Antes do conflito, entre 125 e 140 navios passavam pelo estreito diariamente.
Atualmente, a navegação está severamente restrita. Pelo menos 6 navios-tanque iranianos foram forçados a retornar, segundo relatórios de inteligência marítima.
Enquanto o Ormuz permanecer bloqueado, a pressão sobre os preços tende a continuar.
O que esperar: analistas projetam Brent entre US$ 100 e US$ 125
Segundo Suvro Sarkar, da equipe de energia do DBS Bank, a faixa esperada para o Brent nos próximos meses é de US$ 100 a US$ 125 por barril.
O cenário depende diretamente da evolução do conflito entre EUA/Israel e Irã.
Se houver negociação e reabertura parcial do Ormuz, os preços podem recuar para a faixa de US$ 90.
Porém, uma escalada militar pode empurrar o barril acima de US$ 130 — patamar não visto desde 2022.
Impacto global e no Brasil
A alta do petróleo pressiona economias importadoras na Europa e Ásia, onde os estoques já estão em queda.
Nos Estados Unidos, a gasolina bateu novo recorde de 2026 nesta terça-feira, segundo o Washington Examiner.
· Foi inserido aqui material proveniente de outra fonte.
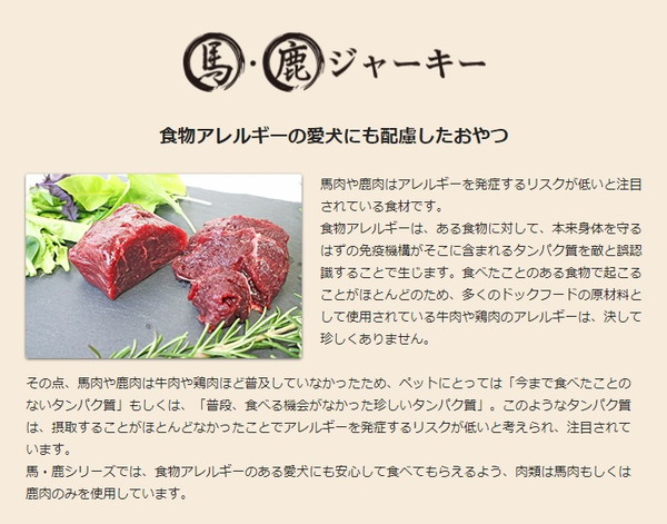 食物アレルギーのあるわんちゃんにも配慮して、肉類は鹿肉のみを使用しています。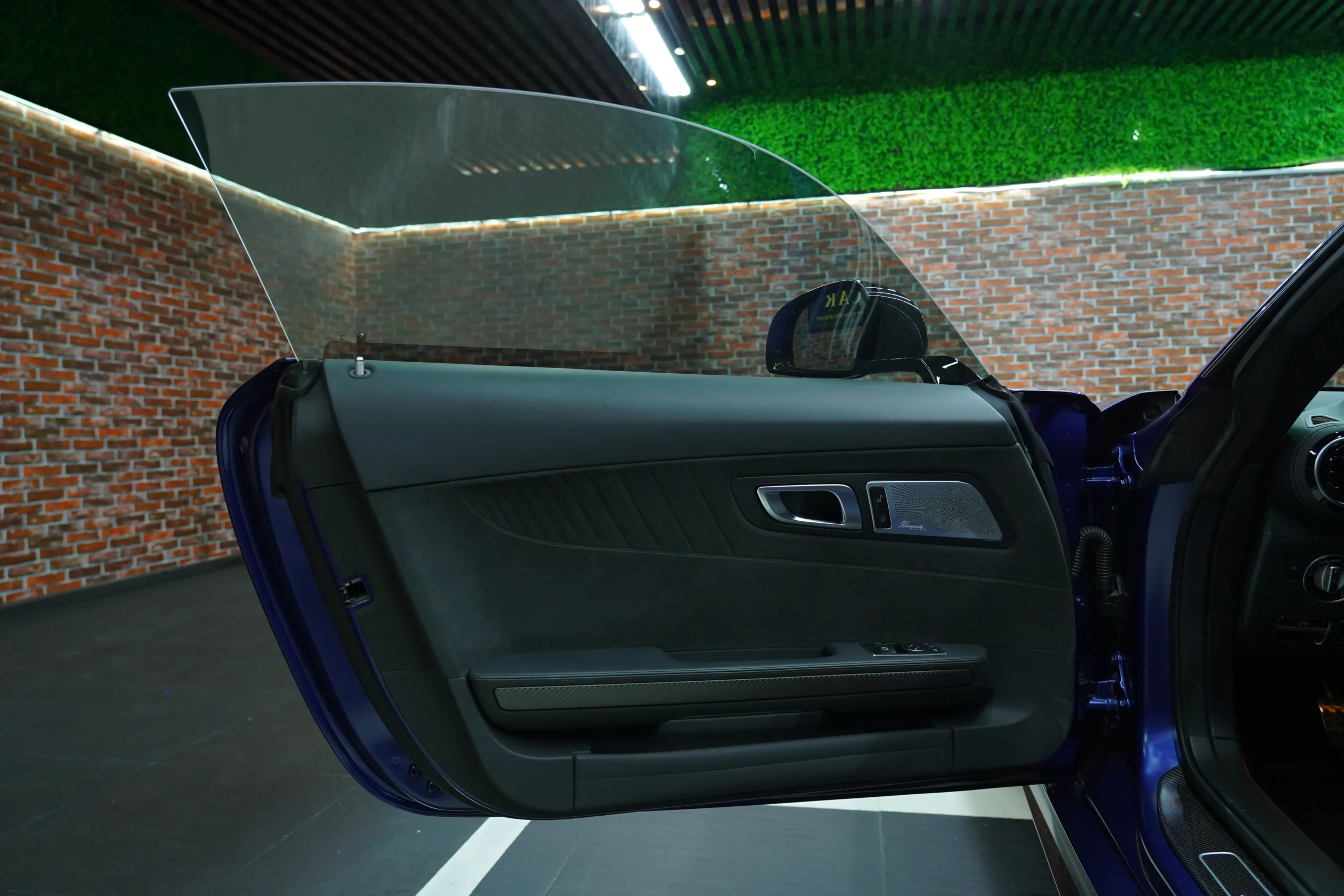 Carbon fiber elements are used extensively in the exterior design, including the roof, side mirrors, and various aerodynamic components.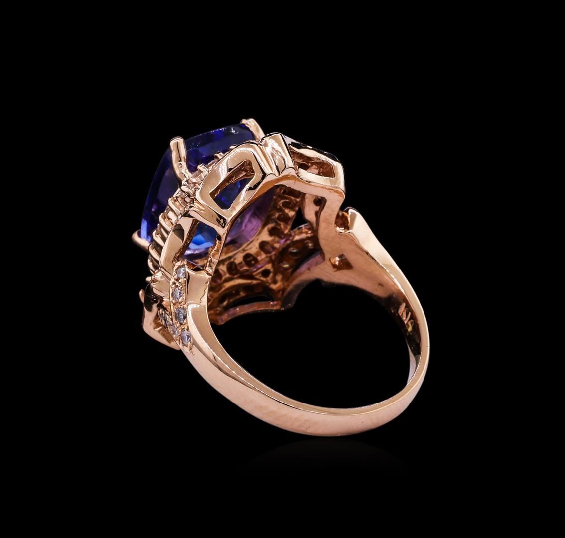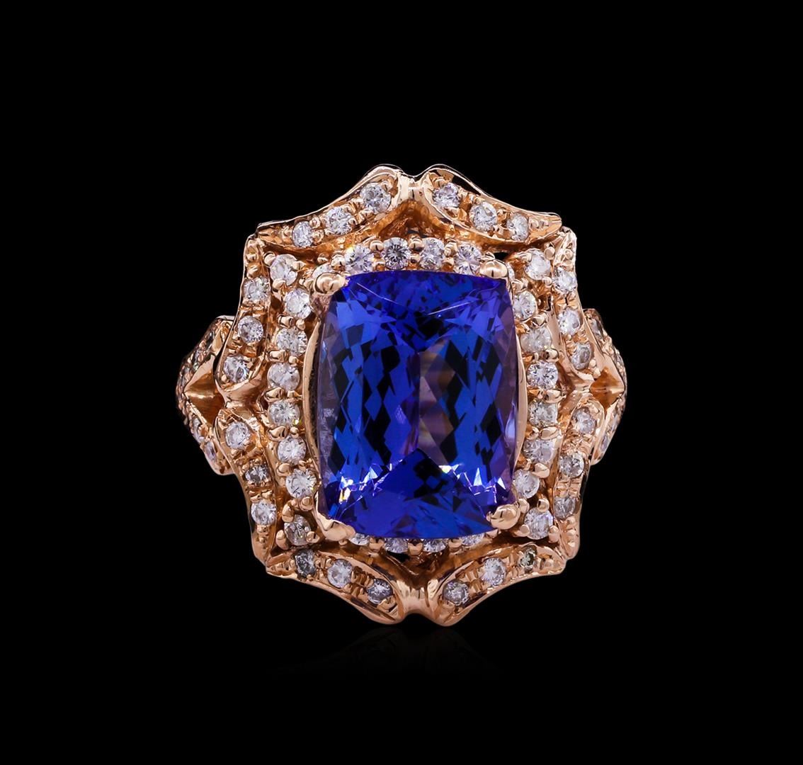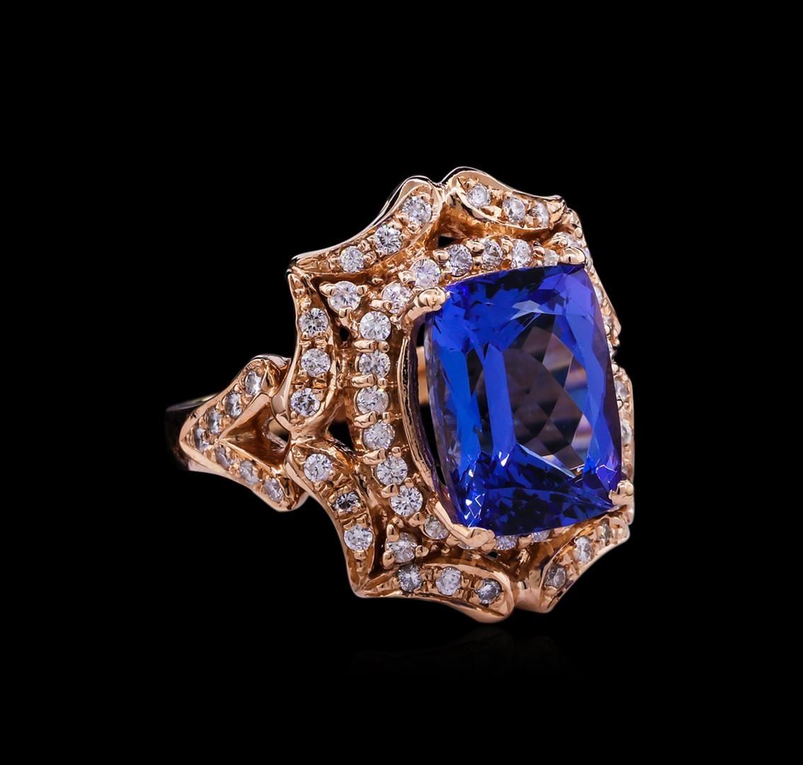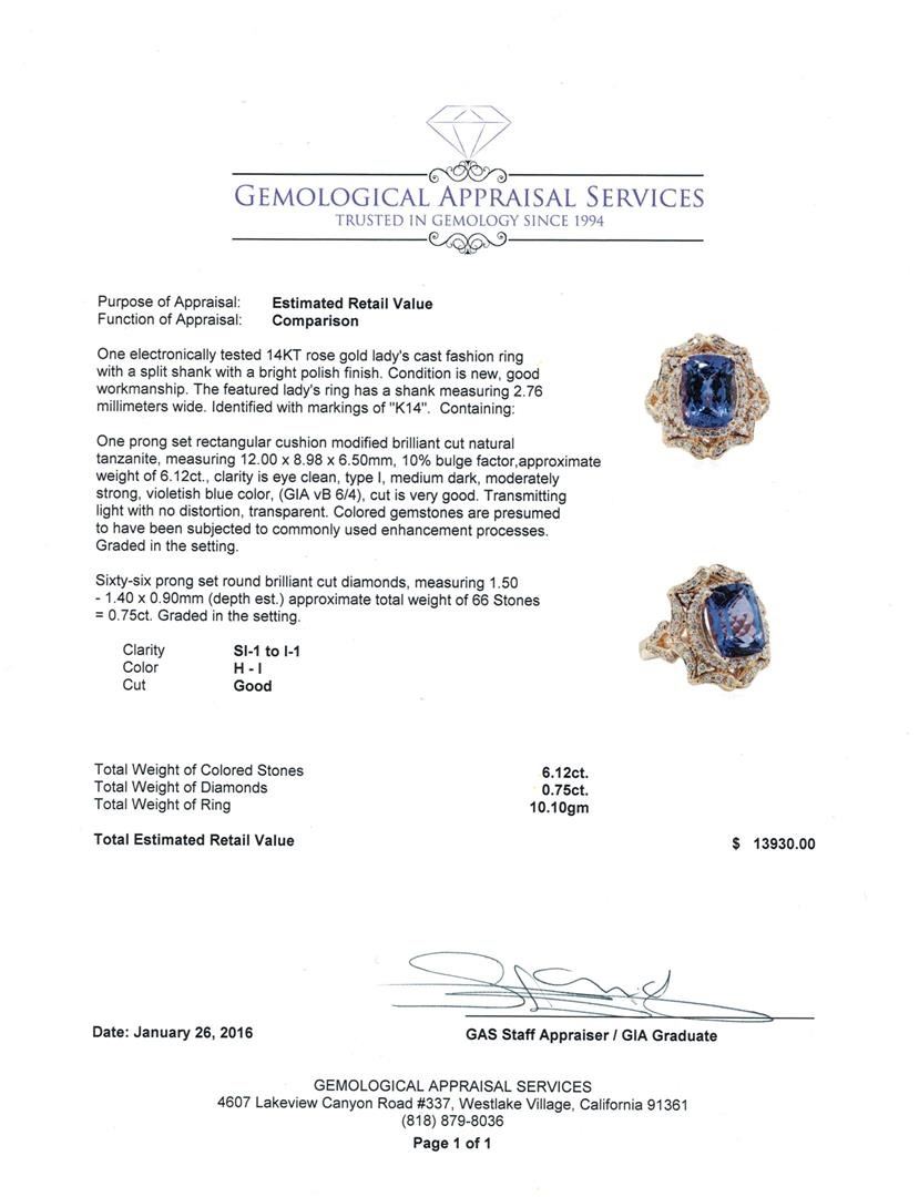 One electronically tested 14KT rose gold lady's cast fashion ring with a split shank with a bright polish finish. The featured lady's ring has a shank measuring 2.76 millimeters wide. Identified with markings of "K14". Condition is new, good workmanship. Containing: One prong set rectangular cushion modified brilliant cut natural tanzanite, measuring 12.00 x 8.98 x 6.50mm, 10%. bulge factor, approximate weight of 6.12ct., clarity is eye clean, type I, medium dark, moderately strong, violetish blue color, (GIA vB 6/4), cut is very good. Transmitting light with no distortion, transparent. Colored gemstones are presumed to have been subjected to commonly used enhancement processes. Graded in the setting. Sixty-Six prong set round brilliant cut diamonds, measuring 1.50 - 1.40 x 0.90mm (depth est.) approximate total weight of 66 Stones = 0.75ct. Graded in the setting. Clarity: SI-1 to I-1. Color: H - I. Cut Good. Total Weight of Colored Stones 6.12ct. Total Weight of Diamonds 0.75ct. Total Weight of Ring 10.10gm. GAS Appraised at $13,930.00.

No Brasil, o governo já editou três medidas provisórias desde março para conter o repasse aos combustíveis: subsídios ao diesel importado (R$ 1,20/litro), ao diesel doméstico e ao gás de cozinha (R$ 330 milhões).
A saída dos Emirados Árabes da OPEP, anunciada hoje, adiciona mais incerteza ao mercado e pode acelerar a volatilidade nas próximas semanas.
Para a Petrobras, o cenário é de receitas em alta — mas também de pressão política para segurar os preços internos.